Across the city, about 32,000 people live without shelter. Bass has promised to house 17,000 people during her first year in office as she works to triage a problem consistently rated as a top and urgent priority among L.A. residents.
Records show fewer than one person per day has been finding permanent housing recently from the mayor’s Inside Safe motel program.
In a nearly one month period ending Thursday, the number of people permanently housed rose by just 17, according to weekly reports to the mayor’s office from the Los Angeles Homeless Services Authority (LAHSA).
The mayor’s response
“I am profoundly disappointed. I am extremely disappointed,” Bass told LAist in a phone interview Friday discussing the numbers.
“We know that the most important thing is to get people off the streets and into permanent supportive housing.”
Bass said the issue is both a shortage of permanent housing and also onerous federal rules that require unhoused people prove they’re poor before they can get housed.
“[We’re] trying to address the bureaucracy that ties our hands,” Bass said.
“We are looking forward to, in the near future, being able to have more flexibility,” she added. That includes getting the Biden administration to support allowing people to be housed first and then to submit paperwork later.
A new report by City Administrative Officer Matt Szabo also cites a lack of housing navigators – who handle the often complex process of getting people into housing – as a bottleneck in getting people from interim to permanent housing, along with a shortage of permanent housing.
Promise Tracker
Mayor Bass promised to house 17,000 Angelenos during her first year in office. How’s she doing so far? Our Promise Tracker is keeping tabs on Bass' progress tackling homelessness in L.A.
At the current pace, it would take years to permanently house the roughly 1,100 people who remain in Inside Safe’s motels and hotels.
But Bass said she doesn’t expect it to take anywhere near that long, with things set to move faster as she presses agencies to clear barriers.
“It would be completely unacceptable to me to settle with this pace. That will not solve the problem, and our goal is to solve the problem,” she said.
Since it started in late December, the mayor’s Inside Safe program has brought about 1,400 people indoors into motels and hotels. Councilmembers and others have credited Bass with rallying a sense of urgency around the homelessness crisis and creating a unified strategy at city hall.
Early problems with Inside Safe
But the program has been struggling with its ultimate goal of getting people into permanent housing.
Altogether, just 108 people from Inside Safe have been permanently housed as of this week, out of the 1,463 people who entered the program, according to LAHSA’s data.

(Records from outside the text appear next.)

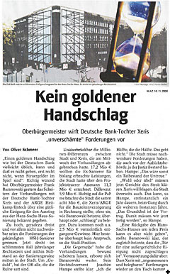 Oberbürgermeister wirft Deutsche Bank-Tochter Xeris "unverschämte" Forderungen vor
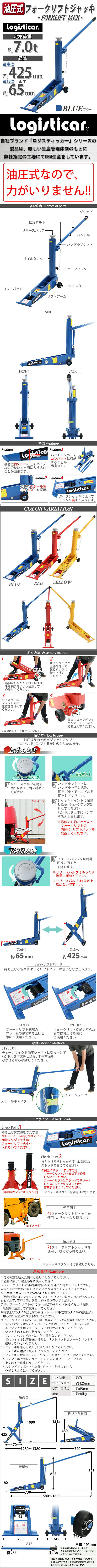 | 商品名 | 送料無料 油圧式 フォークリフト ジャッキ 定格荷重約7t 約7000kg ブルー 油圧式 油圧ジャッキ 低床 フォークリフトジャッキ フロアジャッキ ガレージジャッキ 低床ジャッキ ジャッキアップ メンテナンス タイヤ交換 オイル交換 手動 工具 fljackfj7tbl |
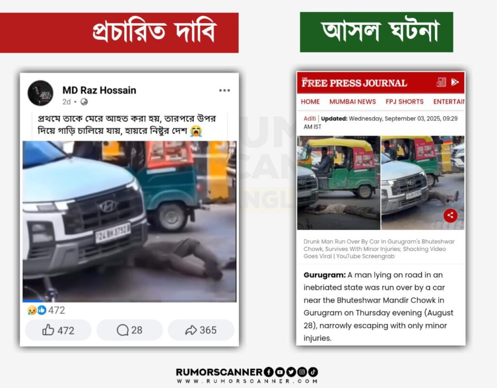 সুতরাং, ভারতে এক ব্যক্তির ওপর দিয়ে গাড়ি চালানোর দৃশ্যকে বাংলাদেশের ঘটনা দাবিতে প্রচার করা হয়েছে; যা মিথ্যা।
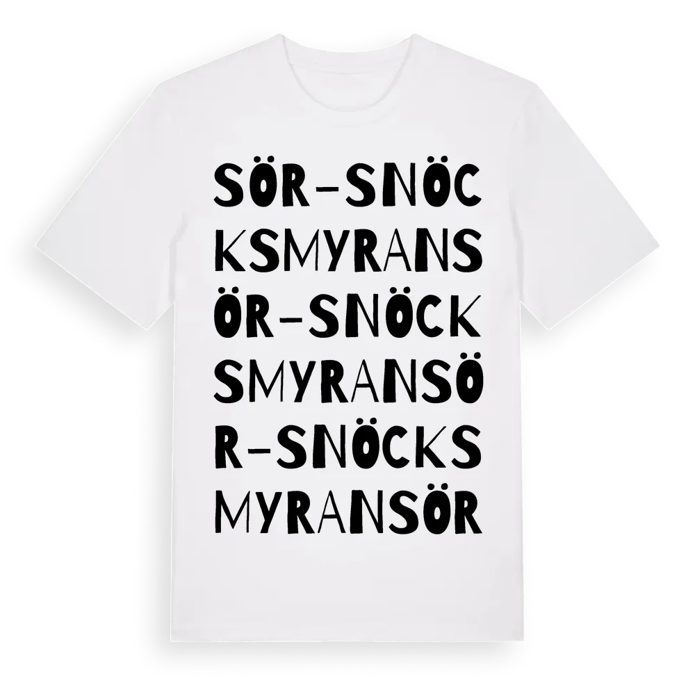 Sör-Snöcksmyran ordlek t-shirt är inspirerad av Sör-Snöcksmyran i Västerbottens län, Sverige. Tröjan är designad för dig som har en speciell koppling till platsen – oavsett om du bor här, har rötterna här eller bara älskar Sör-Snöcksmyran.
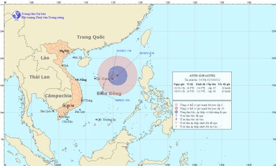 Dự báo trong 24 giờ tới, áp thấp nhiệt đới di chuyển chậm chủ yếu theo hướng Đông, mỗi giờ đi được khoảng 5 km, có khả năng mạnh lên thành bão và ảnh hưởng trực tiếp đến khu vực quần đảo Hoàng Sa. Đến 13 giờ ngày 02/10, vị trí tâm bão ở vào khoảng 16,8 độ Vĩ Bắc; 115,8 độ Kinh Đông, cách quần đảo Hoàng Sa khoảng 390 km về phía Đông. Sức gió mạnh nhất vùng gần tâm bão mạnh cấp 8 (tức là từ 62 đến 74 km một giờ), giật cấp 9, cấp 10.

The numbers come with caveats: For the vast majority of the people counted as having “permanent” housing, there’s a time limit on how long the government will pay for their current housing.
But Bass said she’s not concerned. She believes the subsidies — which she said last two years — are long enough for people to secure further housing they can afford.
The role of landlords
To help speed up the housing effort, Bass is calling upon landlords to open up units to housing vouchers, and the public to support new housing in their neighborhoods.
Until recently, Bass’ office was reluctant to disclose exact numbers to councilmembers or the press, citing concerns about the accuracy of the data from LAHSA, which manages the information systems for homeless services.
LAHSA officials acknowledged to LAist on Friday that about 40 or 50 people in their mid-July report had been incorrectly marked as leaving the program or being on the streets, when in fact they were in motels or hotels.
The issue has been corrected in the latest report Thursday, with a new note at the bottom detailing data quality challenges, said Paul Rubenstein, LAHSA’s deputy chief external relations officer.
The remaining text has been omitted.